◆ **Input data**:
⁂

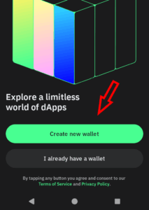4.3. You will be presented with one more screen, for which I do not have an illustration, where you will need to agree to the Trust Wallet agreement terms by checking the box in the bottom left corner before proceeding to the next page.
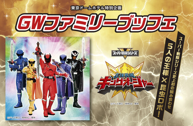 本イベントでは、「5人の王様×昆虫ロボ」というスーパー戦隊シリーズ史上初の組み合わせによる新ヒーロー「王様戦隊キングオージャー」(テレビ朝日系:毎週日曜日 9:30~)が繰り広げるアクション満載のステージと、ホテルシェフが手掛けるブッフェスタイルのお食事をご提供いたします。大人気のヒーローを目の前に“ワクワクがいっぱいのヒーローショー”と“バリエーションに富んだお料理”を、ご家族皆様でお楽しみください。
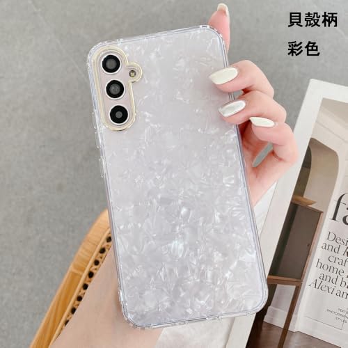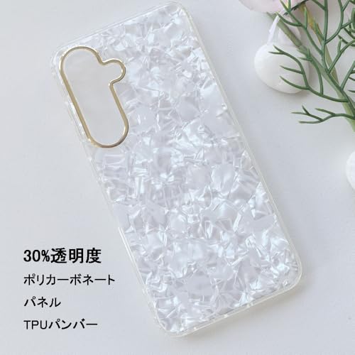 YUYIB スマホケース 対応 Samsung Galaxy A55 5G ケース SC-53E SCG27 ケース 30%透明 シェル柄 貝殻柄 かわいい おしゃれ 黄ばみなし ブランド 衝撃吸収 薄型 軽量 人気 ストラップ穴あり ギャラクシーA55 携帯カバー (ホワイト, Galaxy A55)

⁂

◆ **Exercise aim**:
Would you reproduce each line of the material exactly, omitting the images?

◆ **Solution**:
4.3. You will be presented with one more screen, for which I do not have an illustration, where you will need to agree to the Trust Wallet agreement terms by checking the box in the bottom left corner before proceeding to the next page.
 本イベントでは、「5人の王様×昆虫ロボ」というスーパー戦隊シリーズ史上初の組み合わせによる新ヒーロー「王様戦隊キングオージャー」(テレビ朝日系:毎週日曜日 9:30~)が繰り広げるアクション満載のステージと、ホテルシェフが手掛けるブッフェスタイルのお食事をご提供いたします。大人気のヒーローを目の前に“ワクワクがいっぱいのヒーローショー”と“バリエーションに富んだお料理”を、ご家族皆様でお楽しみください。
 YUYIB スマホケース 対応 Samsung Galaxy A55 5G ケース SC-53E SCG27 ケース 30%透明 シェル柄 貝殻柄 かわいい おしゃれ 黄ばみなし ブランド 衝撃吸収 薄型 軽量 人気 ストラップ穴あり ギャラクシーA55 携帯カバー (ホワイト, Galaxy A55)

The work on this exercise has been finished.